US abortion rights at stake as Supreme Court takes up key case

US Supreme Court is weighing a Mississippi abortion case that could ultimately overturn landmark 1973 Roe v Wade ruling.

Women's rights advocates participate in the nationwide Women's March, held after Texas rolled out a near-total ban on abortion, in Austin, Texas, October 2, 2021 [Evelyn Hockstein/Reuters]

Washington, DC – The United States Supreme Court is taking up a case that could reverse decades of access to abortion in the US, in what women’s rights advocates are calling a potential turning point in the country’s history.

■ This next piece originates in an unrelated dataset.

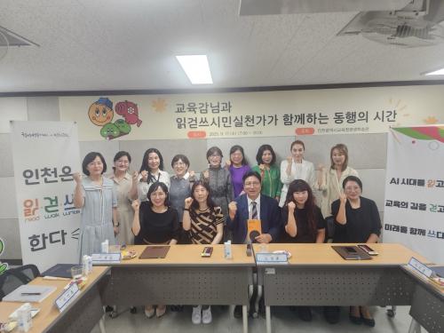 [½Åµ¿¾Æ¹æ¼Û ÀÎõ=À±¹Î½Ä±âÀÚ]µµ¼ºÈÆ ÀÎõ±¤¿ª½Ã±³À°°¨Àº 17ÀÏ ÀÎõÆò»ýÇнÀ°ü¿¡¼­ ¡®±³À°°¨°ú ÀаȾ² ½Ã¹Î½Çõ°¡ ¸®´õ°¡ ÇÔ²²ÇÏ´Â µ¿ÇàÀÇ ½Ã°£¡¯¿¡ Âü¼®ÇØ ¼ÒÅëÀÇ ½Ã°£À» °¡Á³´Ù. À̹ø °£´ãȸ´Â ÀÎõ±³À°Ã» ÇÙ½ÉÁ¤Ã¥ÀÎ ¡®ÀаȾ²¡¯ ½Çõ °æÇèÀ» °øÀ¯Çϰí ÇâÈÄ ¹ßÀü ¡¦

The nation’s top court began hearing oral arguments on Wednesday on whether a Mississippi state law enacted in 2018 that bans most abortions after 15 weeks of pregnancy is unconstitutional.

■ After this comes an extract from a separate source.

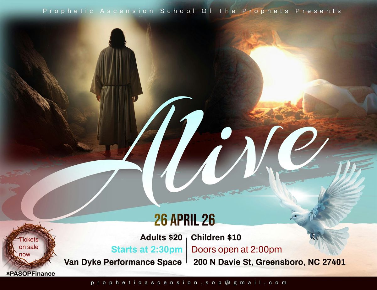 Join us in person for "ALIVE," an immersive worship encounter designed to inspire faith, stir the heart, and celebrate the risen Savior. This unforgettable production proclaims the timeless truth that because Christ lives, hope is alive for everyone.

The hearing sets up a decision by the Supreme Court next year that could overturn nearly 50 years of federally protected abortion rights, which were granted in a landmark ruling known as Roe v Wade. It comes as the US Supreme Court now has a 6-3 conservative majority.

“The threat is very real,” said Marge Baker, executive vice president at People for the American Way, a progressive political advocacy group that supports abortion rights, about the outcome of the Mississippi case.

“The far-right, aided by Republican allies, have been working to pack the courts with anti-abortion foes. We could see Roe v Wade totally undermined,” Baker told Al Jazeera in a phone interview on the eve of the Supreme Court hearing.

Roe v Wade

In 1973, the Supreme Court ruled in Roe v Wade that women have a right under the US Constitution to obtain an abortion anytime before they reach 24 weeks of pregnancy, the point at which a fetus was judged viable.

That decision was upheld and revised in a second landmark case in 1992, Planned Parenthood v Casey, that held that US states could not impose an “undue burden” on women seeking an abortion before 24 weeks.

In 2019, the Fifth Circuit US Court of Appeals struck down the Mississippi abortion law as unconstitutional, ruling that “in an unbroken line dating to Roe v Wade, the Supreme Court’s abortion cases have established (and affirmed, and re-affirmed) a woman’s right to choose an abortion before viability.”

Wednesday’s closely watched Supreme Court arguments in the Mississippi case, formally known as Dobbs v Jackson Women’s Health, will focus on whether the abortion law should be upheld or struck down as unconstitutional as lower courts have ruled.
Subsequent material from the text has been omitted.